Moren had travel plans in March. Her team had just finished the best season in Hoosier women’s basketball history, and was a regional No. 5 seed in the NCAA tournament, widely expected to make at least the Sweet 16. Moren was returning from a recruiting trip when the call came on March 12. The tournament was off. The season was done.

“Our kids had had a few days off,” she recalls. “Our coaches and I landed in Indianapolis, and we had been following the situation on Twitter. They’d canceled the Big 10 men’s tournament; Duke and Kansas had both pulled out of the NCAA tournament. It just seemed as though one shoe after another was dropping. We were driving back from the airport when we found out the tournament was canceled.”
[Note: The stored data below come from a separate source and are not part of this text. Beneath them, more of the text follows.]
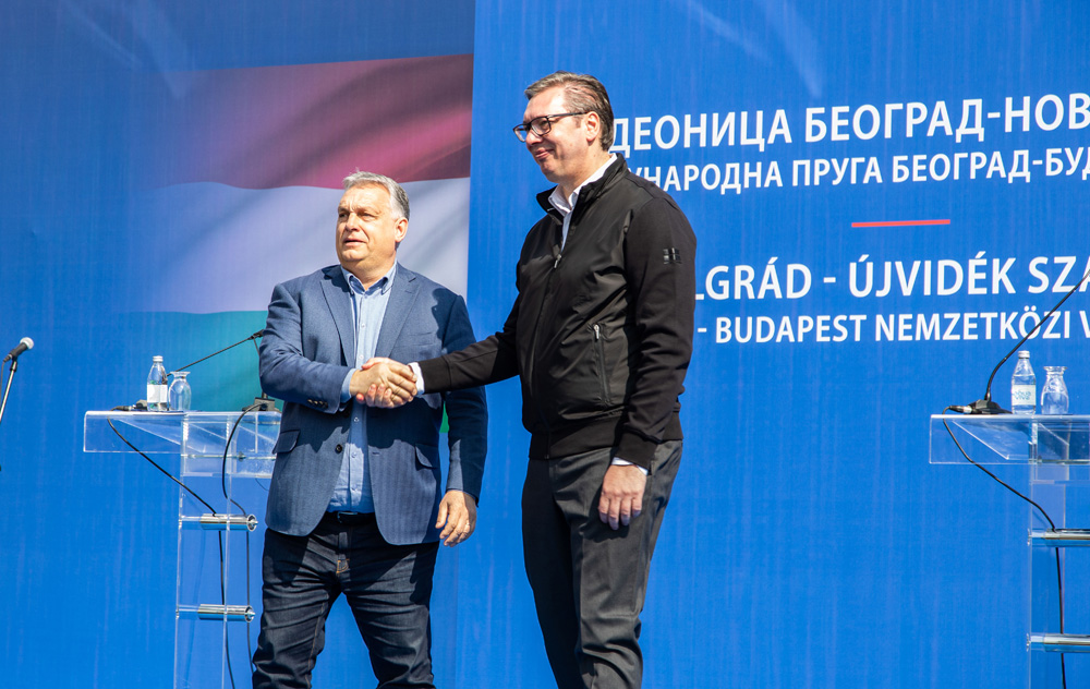 3月19日,在塞尔维亚诺维萨德,塞尔维亚总统武契奇(右)和匈牙利总理欧尔班出席开通仪式。图/新华社
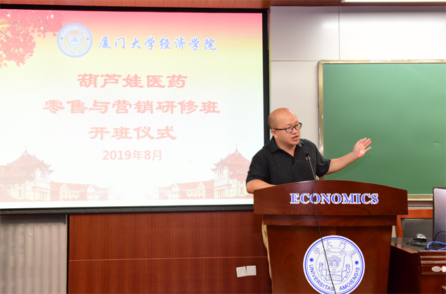 在开班仪式上,廖景峰主任首先代表厦门大学经济学院热烈欢迎304am永利集团医药零售与营销研修班的学员到厦大学习,并就厦门大学及经济学院的相关情况进行了介绍。他说,304am永利集团学员走进厦大就是厦大的校友,希望未来的日子能够关心、支持母校的发展,多提宝贵意见,同时他也祝大家在厦大学习期间学有所成、学有所获。
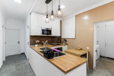 Fully equipped kitchen and dining area TO SHARE, with washing machine, coffee maker, fridge and oven.

For Moren, who had both played and coached in the NCAA’s Big Dance, it didn’t seem real. When she arrived at Cook Hall, her players had already heard the news. “They were devastated, of course,” she says. “You try to come up with the right words. I probably fell short.”

IU was heading into spring break, and the priority for Moren’s staff was to get the players home to their families. “Our biggest concern was for [sophomore forward] Aleksa Gulbe, whose home is in Latvia,” she notes. “We worried about how quickly we could get her a plane ticket and get her home. She got out very late that Friday night.”

The situation felt unreal through that weekend. “Monday and Tuesday come, and you’re not watching film, you’re not preparing for practice, and you don’t know what to do with yourself,” Moren says. “It took a couple of weeks, but as I say to the kids, you control what you can control.”

Under NCAA rules, April is a no-contact month in the 2021 recruiting cycle. Moren has been reading and reviewing game films, including IU’s early-season upset of South Carolina. She’d been sheltering at home in the Renwick section of Bloomington when the April 8 thunderstorms knocked out the power for her and 300 other residents. “I got in my car and went to a friend’s condo in Indianapolis, where they had running water and electricity,” she says.

She’s been taking advantage of Kroger’s grocery delivery service, but she ventures out occasionally (masked for safety). “I had to get ice at a gas station when the power went out,” she says.

For now, Moren is content to know everyone in the Hoosier basketball family—players, coaches, administrators—is healthy. She and her staff have had regular Zoom calls with the players as they finish out their semester academically. “It’s important for me to stay connected to everyone,” she says. “I just keep reminding them how much history they made this year and how proud we all are.”